Вот почему всю войну Коринна и ее отец провели в Филадельфии. Фредерик вступил в армию конфедератов и смог воссоединиться с семьей только в самом начале 1866 года - исхудавший, немного ослабевший от непрерывных приступов дизентерии, но каким-то удивительным, чудесным образом оставшийся живым и невредимым. Уцелела вся их семья. И не только уцелела, но сумела сохранить и почти все свое состояние. С самого начала войны Фредерик продолжал вкладывать деньги в строительство железных дорог. И несмотря на поражение, на блокаду, обстрелы, на то, что сгорела вся Атланта, стальные артерии устояли и теперь, когда война закончилась, снова вдыхали жизнь в штаты Юга. Более того, на протяжении двух лет подряд перед началом войны Фредерик продавал огромные партии хлопка напрямую непосредственно в Ливерпуль и оставлял вырученные за них деньги там, в местном банке, где никто не смог бы до них дотянуться. Теперь же он взял оттуда все эти деньги, а это были многие тысячи долларов. И еще - предстояло заново отстраивать Атланту. Весь Юг надо было отстраивать заново. Создавать промышленность, вдыхать в него новую жизнь. Семейство Прэгер вернулось в Саванну и оказалось там одной из очень немногих семей, которым повезло и они не разорились; и, по мере того как Юг, подобно фениксу, возрождался из пепла, Прэгеры становились все богаче и богаче.

В 1867 году Коринна забеременела; доктор сказал, что в тридцать два года, в принципе, уже поздновато заводить детей, но поскольку она женщина крепкая и в добром здравии, то все должно пройти прекрасно. Супруги Прэгер были довольны: быть может, наконец-то судьба ниспошлет им столь долгожданного сына. Джереми пребывал в таком же радостном ожидании и возбуждении, как и они: с самой свадьбы Коринны он мечтал о внуке, о наследнике.

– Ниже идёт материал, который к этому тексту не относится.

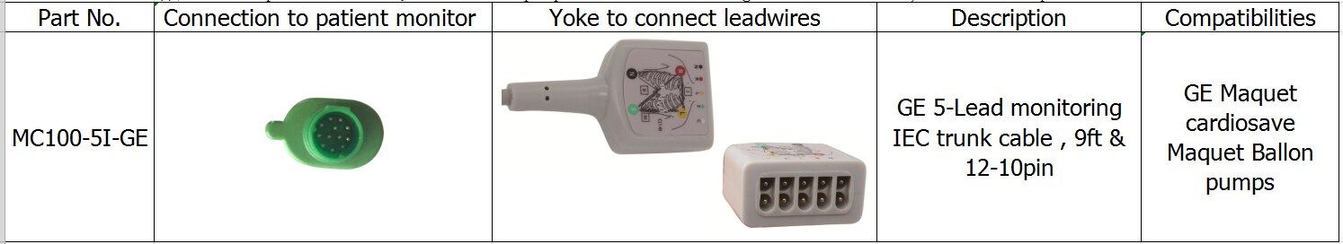 Compatibele GE MAQUET-ballonpompen 5-afleidingsmonitor IEC-trunk-kabel, 9FT & 12-10pin

Родился и вправду мальчик: крупный и здоровый ребенок, с такими же, как у Коринны, темно-голубыми глазами и светлыми, как у Фредерика, волосиками; но вместе с ним в семью пришла не радость, а горе. Коринна, с обычными для нее мужеством и стоицизмом перенесшая долгие и тяжелые роды, взяла ребенка на руки, с обожанием посмотрела на его маленькое сердитое личико, и тут вдруг у нее внезапно открылось сильнейшее кровотечение, и она умерла прежде, чем успели хоть что-нибудь предпринять для ее спасения.

Неделю спустя с Джереми, который был уже весьма слаб, случился удар; и хотя удар был несильный, Джереми после него так никогда уже полностью и не оправился. На Фредерика легла вся ответственность за жизнь и воспитание младенца.

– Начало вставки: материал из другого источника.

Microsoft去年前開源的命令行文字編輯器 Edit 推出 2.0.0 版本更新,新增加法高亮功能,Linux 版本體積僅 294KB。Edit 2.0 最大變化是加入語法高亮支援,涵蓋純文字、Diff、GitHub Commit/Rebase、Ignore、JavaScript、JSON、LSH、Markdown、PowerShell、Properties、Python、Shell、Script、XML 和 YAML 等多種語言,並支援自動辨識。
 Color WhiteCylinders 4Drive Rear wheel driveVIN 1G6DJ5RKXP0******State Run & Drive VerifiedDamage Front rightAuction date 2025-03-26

Он нанял нянек, экономок, гувернанток, с истечением времени дом снова вошел в упорядоченный ритм жизни, но сам Фредерик оставался отчаянно несчастным человеком: память о Коринне продолжала жить в доме и преследовала его, словно привидение, а вид слабеющего, шаркающего ногами тестя наполнял безысходной тоской, от которой, казалось, нет спасения. В этом непрерывном кошмаре Фредерик прожил целых четыре года, на протяжении которых единственным убежищем, где он мог хотя бы на время скрываться, отвлекаясь от своих тяжких мыслей, был банк; в 1872 году Джереми умер, банк стал семейной собственностью Прэгеров и сменил название, а Фредерик переехал в Нью-Йорк.

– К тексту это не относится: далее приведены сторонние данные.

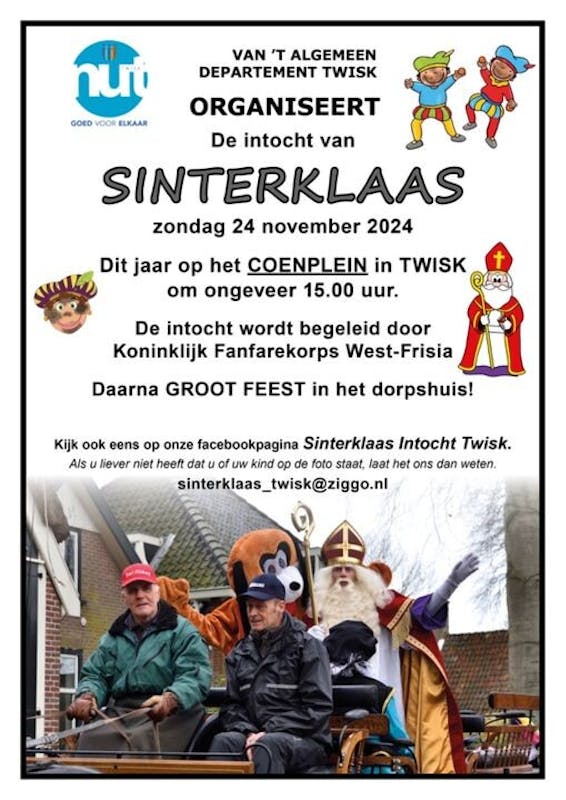 De intocht is dit jaar op het Coenplein in Twisk. Rond 15 uur zal de Sint arriveren.

Переезд отозвался немедленным успехом.

Фредерику не пришлось преодолевать чьего-либо сопротивления в делах; связи его чрезвычайно расширились, у многих из прежних его клиентов уже были в Нью-Йорке свои филиалы и представительства, и эти клиенты оказались счастливы снова встретиться с банком, к которому они привыкли; а экономика страны росла в те годы поразительными темпами.

Банк разместился в превосходном здании на Пайн-стрит - улице, параллельной Уолл-стрит, - выстроенном из темного песчаника, с потолками, украшенными лепными карнизами тонкой работы, с мраморными каминами в самых просторных комнатах, с резными ставнями на высоких окнах и стенами, отделанными деревянными панелями; к тому же Фредерик не поскупился на обстановку; он выложился полностью, насколько это было в его силах, и банк выглядел почти как семейный жилой дом - лампы от Тиффани, мебель из лучших в Нью-Йорке и Атланте салонов антиквариата, индийские ковры; предметом особой гордости банка "Прэгерс" было то, что в каждой комнате всегда стояли свежие цветы, а в шкафах вдоль стен выстроились рядами не только финансовые справочники, но и тома Чарльза Диккенса, Марка Твена, Вальтера Скотта, Шекспира. Клиентам нравилось приходить сюда, в этот своеобразный и благодатный мирок, где было приятно находиться, проводить время и где всегда можно было получить отличный деловой совет.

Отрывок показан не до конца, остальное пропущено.